> Source data

┌──

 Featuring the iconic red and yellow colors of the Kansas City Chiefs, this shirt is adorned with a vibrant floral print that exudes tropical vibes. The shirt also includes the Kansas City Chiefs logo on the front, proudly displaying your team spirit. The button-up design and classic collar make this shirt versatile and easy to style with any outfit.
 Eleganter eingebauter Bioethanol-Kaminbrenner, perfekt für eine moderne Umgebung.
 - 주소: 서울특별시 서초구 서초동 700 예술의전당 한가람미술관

└──
┌──

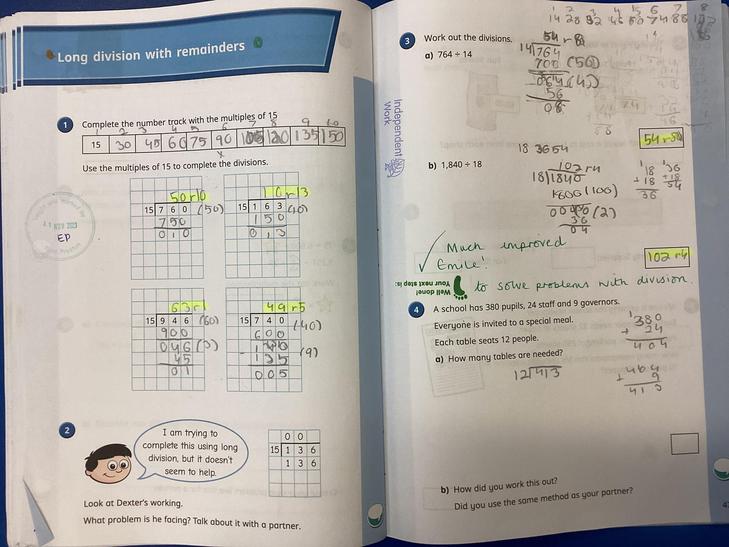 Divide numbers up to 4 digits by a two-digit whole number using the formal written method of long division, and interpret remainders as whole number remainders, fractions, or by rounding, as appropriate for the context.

└──
┌──

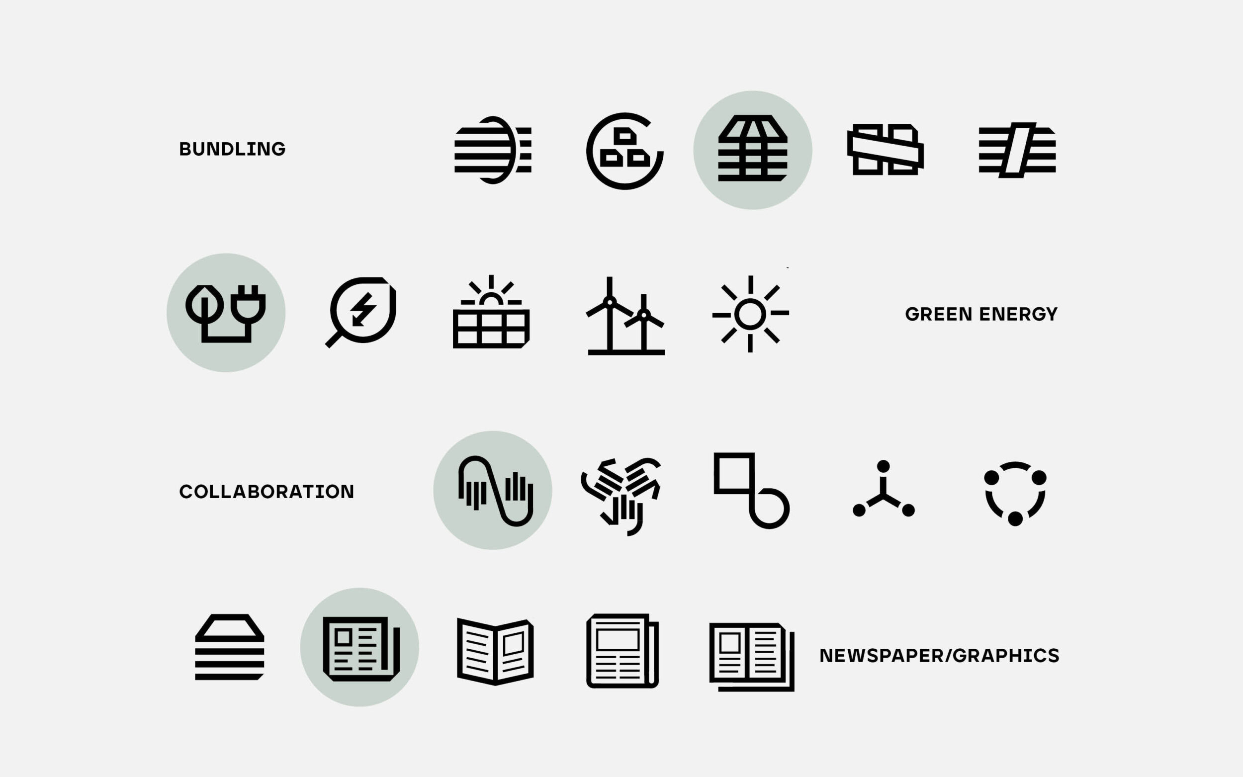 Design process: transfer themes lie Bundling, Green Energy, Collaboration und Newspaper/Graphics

└──

> Exercise directions
From the data above, output exactly the lines between the one containing "Featuring the iconic" and the one containing "- 주소: 서울특별시 서초구 서초동 700 예술의전당 한가람미술관", counting both of them.

> Exercise answer
 Featuring the iconic red and yellow colors of the Kansas City Chiefs, this shirt is adorned with a vibrant floral print that exudes tropical vibes. The shirt also includes the Kansas City Chiefs logo on the front, proudly displaying your team spirit. The button-up design and classic collar make this shirt versatile and easy to style with any outfit.
 Eleganter eingebauter Bioethanol-Kaminbrenner, perfekt für eine moderne Umgebung.
 - 주소: 서울특별시 서초구 서초동 700 예술의전당 한가람미술관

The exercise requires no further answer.